Il Ministero ha fatto il suo dovere indicando il modo di trattare il prodotto precauzionalmente prima del consumo. L’obbligo di ritiro e avvertire i consumatori CON OGNI MEZZO ADEGUATO ALLO SCOPO in relazione alla gravità del pericolo (anche radio e televisione) nonché la rete di vendita individuata attraverso il sistema di tracciabilità obbligatorio, e di indicare il lotto da rendere al punto vendita ed al produttore (o al venditore responsabile in ambito CE )è di quest’ultimo. La norma è chiara ed indica le responsabilità di ciascun attore della filiera alimentare. Smettiamo di far confusione !!

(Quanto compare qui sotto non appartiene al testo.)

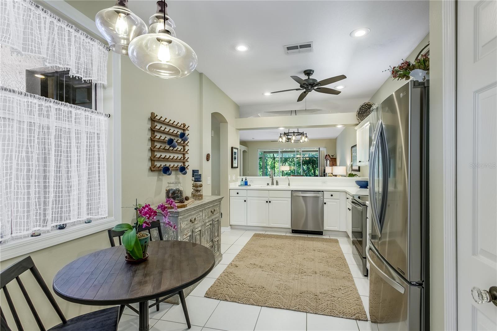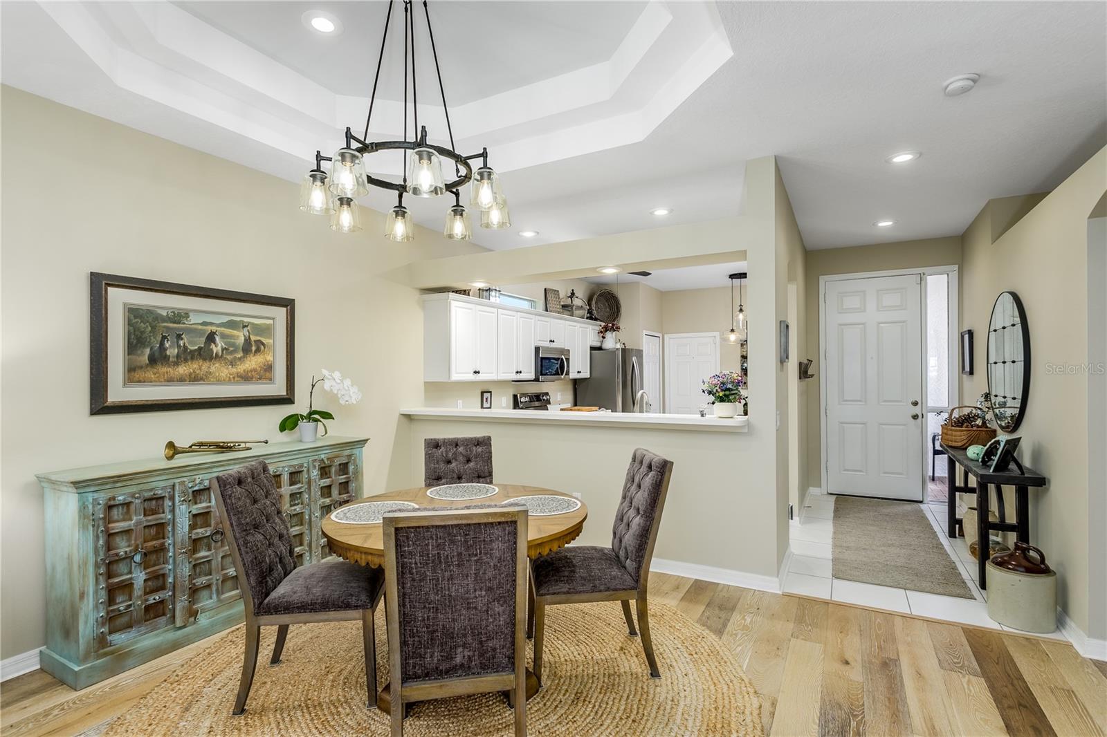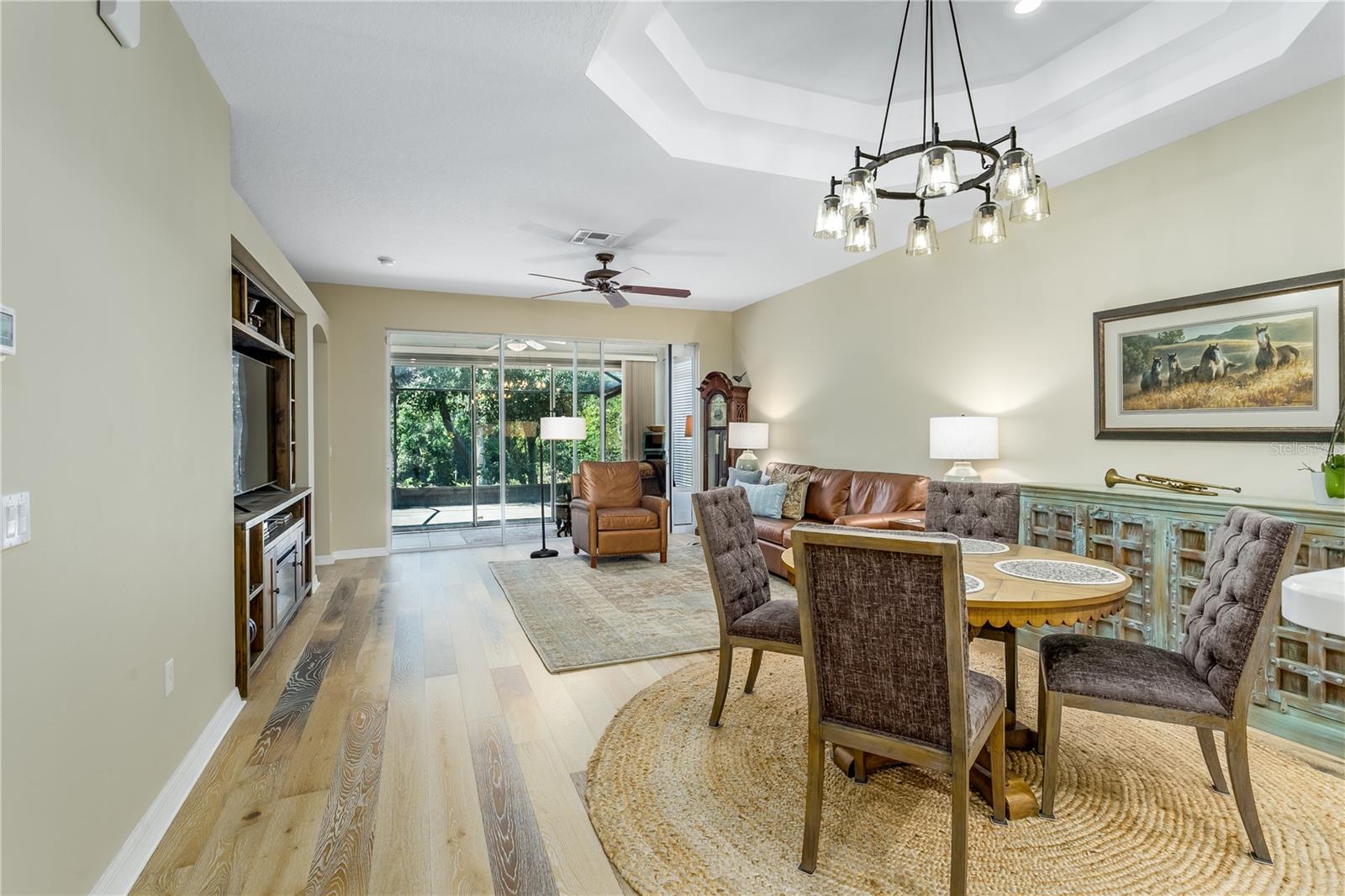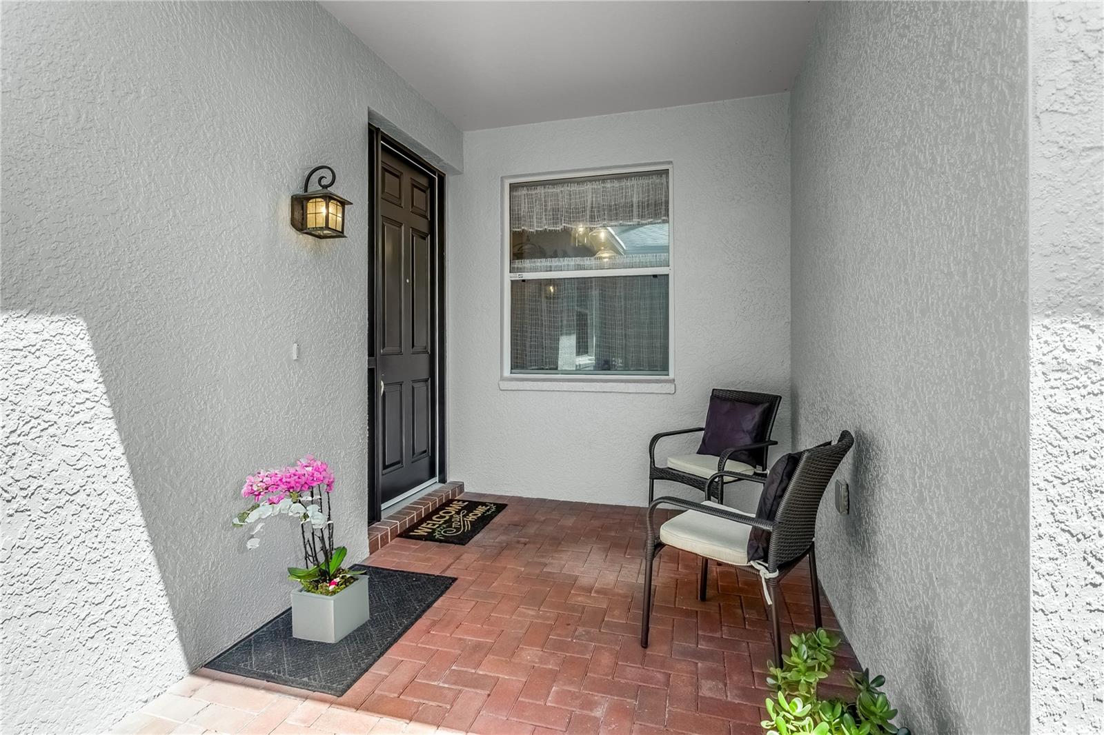 One or more photo(s) has been virtually staged. Easy Living in This Beautiful End-Unit Villa! Enjoy all the fun of the Active 55+ Lifestyle in this well-maintained and updated home. This lovely villa features numerous recent improvements, including: • Roof (2021) • A/C (2023) • Water Softener (2025), Reverse osmosis filter • Kitchen Appliances (2020) Modern Range with Convection Oven and Built-in Air Fryer • Fresh Interior Paint • Stunning Brushed Oak engineered wood floors • Re-screened Garage Door & Courtyard Entryway. *Solar panel attic fan and extra insulation. Step inside and you’ll love the spacious, bright open floorplan with a combined living and dining area, enhanced by a tray ceiling and elegant chandelier. The kitchen offers plenty of cabinets and counter space, along with a cozy breakfast nook. The split-bedroom layout provides privacy, with the primary suite tucked away at the rear overlooking the tranquil nature preserve. It features a bay window, en-suite bath with dual sinks and shower, and a large walk-in closet. The guest bedroom enjoys a charming view of the front courtyard, with a nearby full bath and an indoor laundry room adding to the convenience. Enjoy the wonderful outdoor living space featuring an enclosed patio and a spacious private screened-in lanai with serene views of the preserve Located in a sought-after gated golf community, you’ll enjoy a full calendar of amenities and activities including a clubhouse with restaurant, library, fitness center, ballroom, 18-hole golf course, driving range, plus courts for tennis, pickleball, bocce, shuffleboard, and even a dog park. The quarterly HOA fee covers roof replacement, exterior paint, cable TV, internet, lawn care—even the lawn sprinklers. Conveniently located just outside the guard gate is a Publix plaza offering restaurants, a bank, hair and nail salon, animal hospital, and more for your everyday needs. Beautiful inside and out – come experience the lifestyle you’ve been looking for!
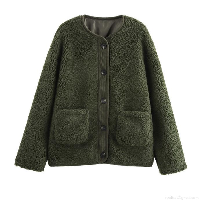 • Women's Casual Sherpa Fleece Jacket Leopard Print Solid Green Long Sleeve Warm Faux Lamb Wool Button Down Outerwear Coat For Women Autumn Winter Fashion
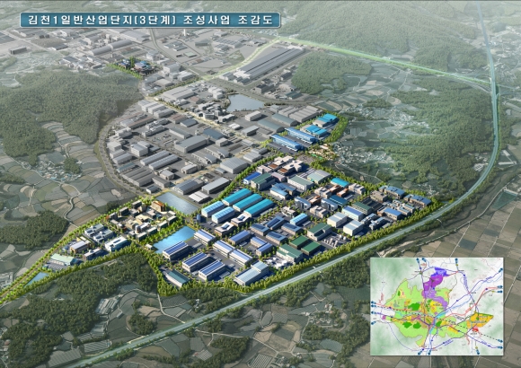 김천 일반산업단지(3단계)는 사통팔달 국토의 중심이라는 지리의 이점을 이용해 35만평(1156천㎡) 규모로 김천에서 직접 개발한 공영개발로 1841억원을 투입했다.
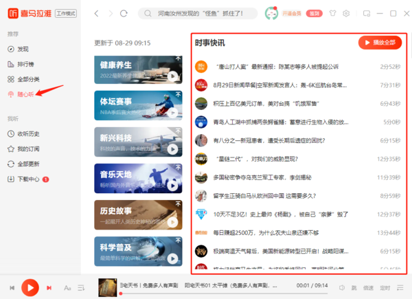 既然我们在上文提到了随心听模块;接下来,财神爷站小编就和大家在此一同探讨一下,喜马拉雅的随心听模块还包含哪些内容。
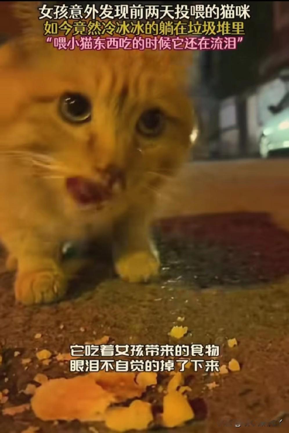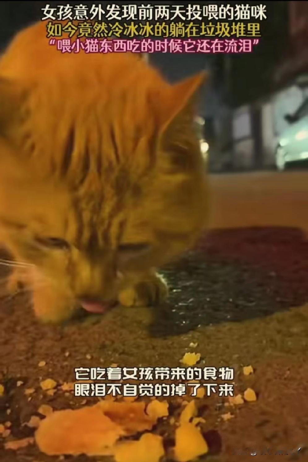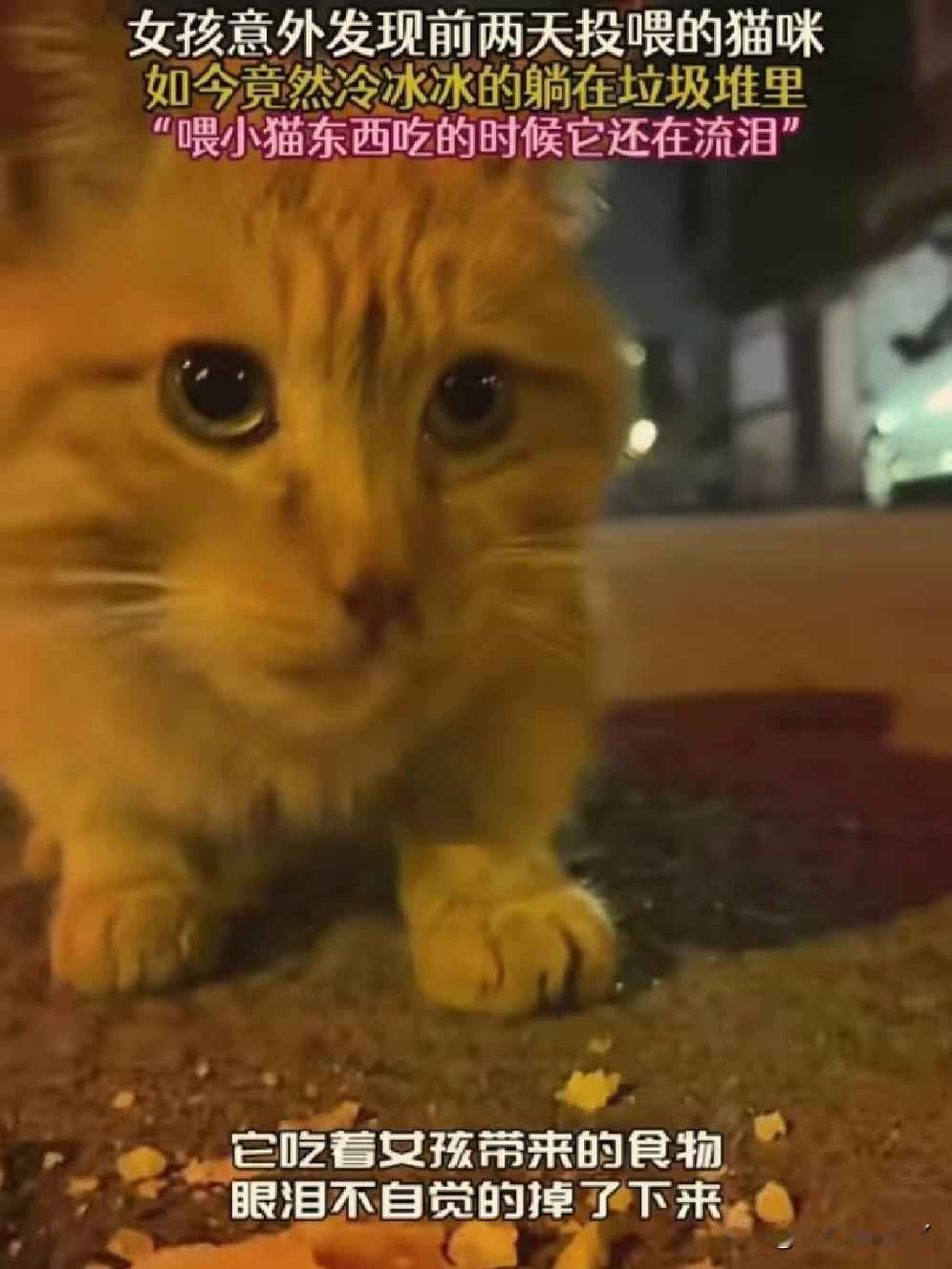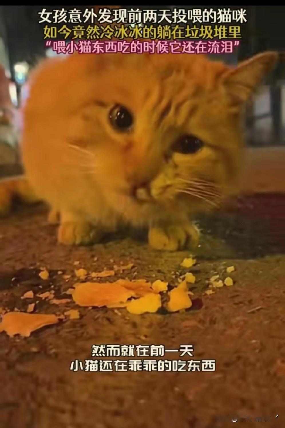 流浪猫的短暂温暖与猝然离别,看哭了谁? 前两天,那只流浪橘猫还在享用女子投喂的食物,边吃边泪眼汪汪。可今天,它却冷冰地躺在了垃圾堆里。 记得前一天晚上,它怯生生地吃着女子带来的食物,大眼睛里的泪却止不住的流,女子轻声安慰它慢慢吃,承诺以后常带好吃的给它。那一刻,它好像体会到了被爱的滋味。 可是第二天,女子满心期待地带着罐头去找它,看到的却是它在垃圾堆旁没了生气的模样。 它还没来得及好好感受这世界的善意,就匆匆去了喵星~ 流浪动物的生命太过脆弱,每一次投喂带来的温暖,都可能是它们生命中的光,可这光却如昙花一现、转瞬即逝…… 愿它在喵星不再流浪,也愿每一只流浪动物都能寻觅到属于自己的温暖小窝。创作训练营开营啦冬日生活打卡季 流浪猫
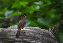 白颊噪鹛是雀形目噪鹛科噪鹛属鸟类,又称土画眉、小画眉、小噪鹃。成鸟额至头顶栗褐色,长眉纹、眼先和颊纹棕白色,眼后至耳羽深褐色,…全部>>
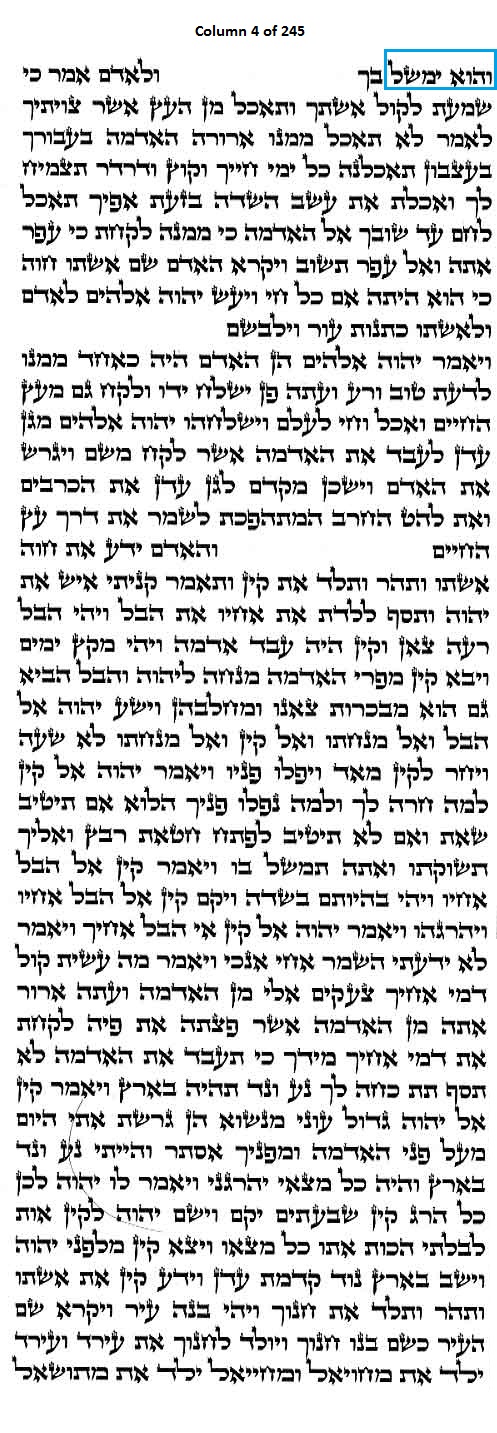 Column 4 of the Torah Scroll begins with the following distinct Line 1 Keywords; this is the only column in the entire Scroll that begins with these keywords:
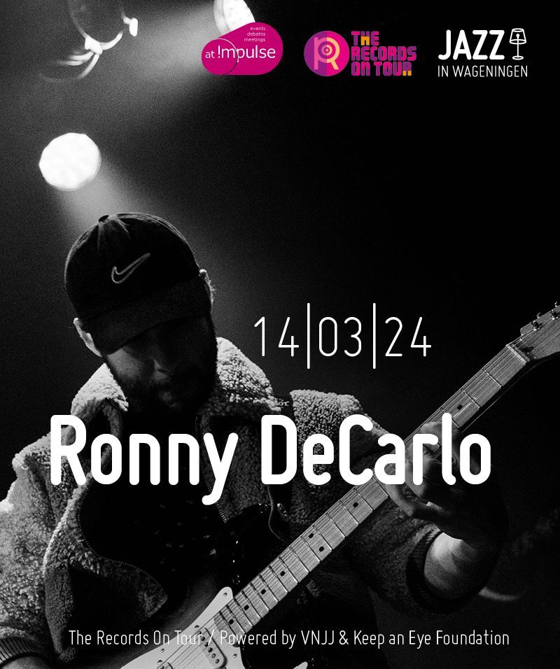 In samenwerking met The Records On Tour organiseert Jazz in Wageningen een concert van winnaar Ronny DeCarlo. Ronny deCarlo is het project van de Colombiaans/Nederlandse gitarist Roenik Roa Espinosa. Zijn eigenzinnige instrumentale composities zijn een weelderig lappendeken van fusion, gospel en latin, met invloeden uit film- en game muziek en een hoofdrol voor gitaar. In Ronny's klankwereld worden genre grenzen doorbroken en klinken filmische melodieën naast strakke arrangementen en pakkende grooves. De muziek streeft naar een balans tussen rauwe liveband energie en een eigentijdse en elektronische sound.Roenik Roa Espinosa (gitaar)Matthijs Geerts (keys & synths)Misha Voeykov (elec. bas)Noah Bouwman (drums & SPD)\n \nHet juryrapport zegt: “Deze band voelde als een échte band. De presentatie was fantastisch en de bandsound fris. We hebben genoten van het speelplezier dat van het podium afspatte.” Wij zien er naar uit om deze jonge honden op ons podium te zien spelen en we hopen dat je er bij bent.\n \n \nis een stichting zonder winstoogmerk waarmee we jazzconcerten organiseren. Voor muziekliefhebbers, door muziekliefhebbers.
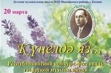 20 марта состоится республиканский конкурс татарской музыки имени Рустема Яхина «Кунелдэ яз» на базе МБОУДОД "Детская музыкальная школа № 32" Московского района г.Казани.
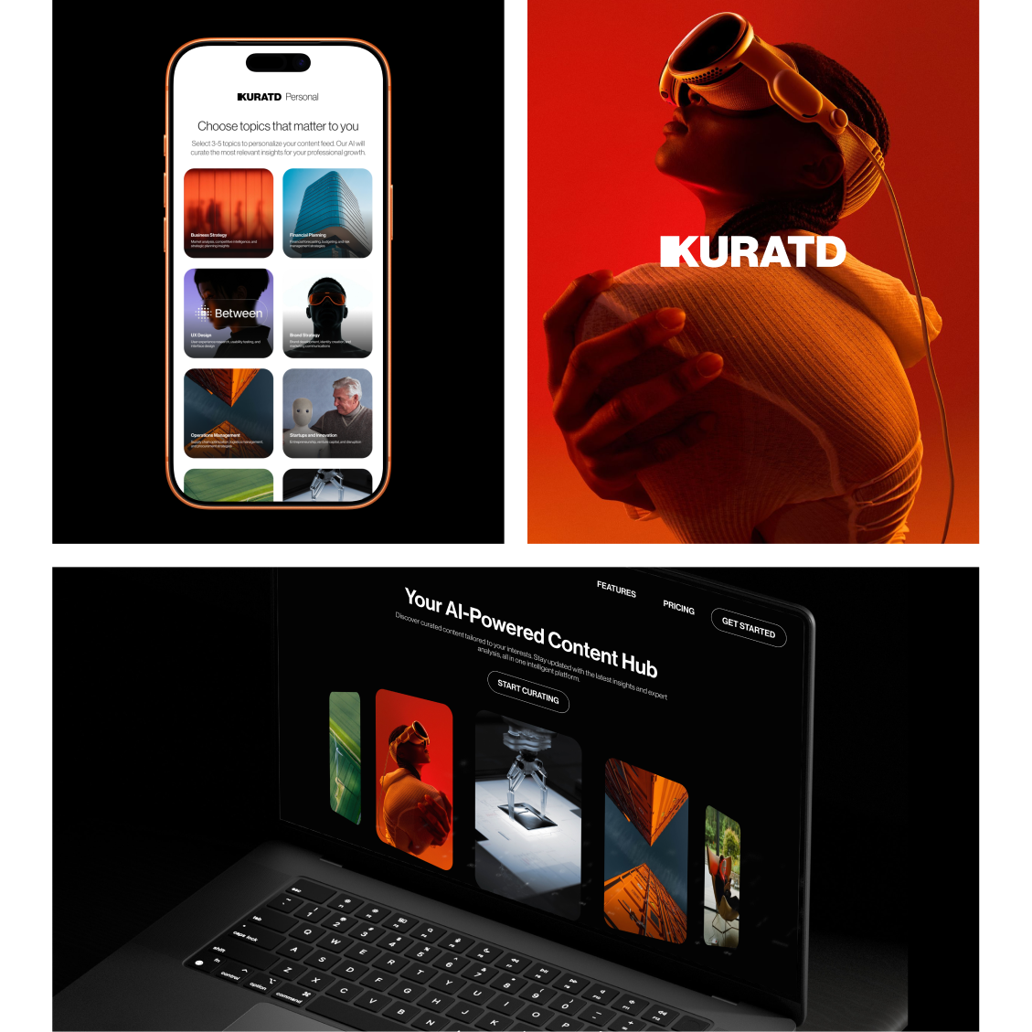 Kuratd is an AI-driven platform that curates insights, content, and conversations into a single, streamlined experience. The challenge was to create a brand that reflects both intelligence and clarity — balancing advanced technology with a sense of structure and control.
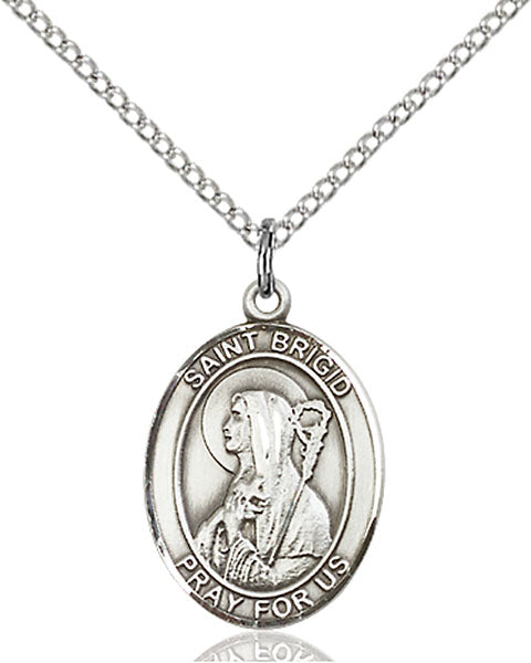 - Sterling Silver St. Brigid of Ireland Pendant, Sterling Silver Lite Curb Chain
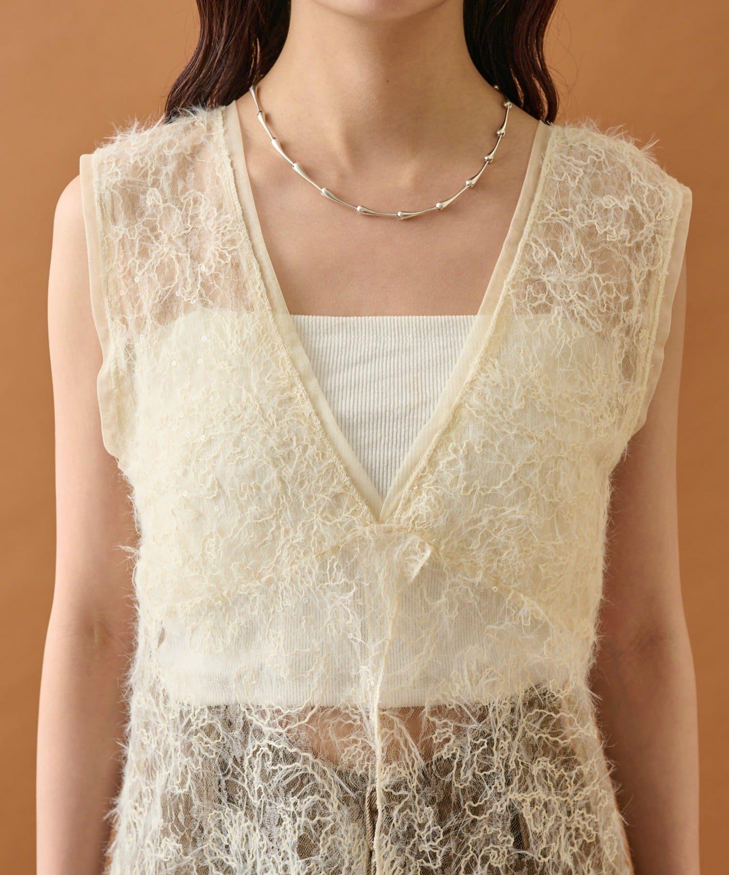 毛茸茸的蕾絲背心採用亮片設計,非常適合外出。

In aggiunta al mio precedente commento devo osservare che ci troviamo davanti ad un pericolo potenziale che riguarda una matrice evidentemente eterogenea, dove il problema riguarda frazioni randomizzate di prodotto (probabilmente solo una parte delle confezioni). I controlli utili si possono fare solo a monte con piani di campionamento adeguati e soprattutto con la ricerca, individuazione, ed eliminazione delle cause alla fonte. Fare prevenzione all’origine è il compito principale di chi confeziona e mette in commercio, e deve risultare dal piano di autocontrollo obbligatorio.
Per la catena alimentare verso il consumo ci troviamo in situazione analoga a quella del latte crudo, in cui il Ministero della salute ha dato il suggerimento al consumatore su come (bollitura) prevenire l’eventuale pericolo.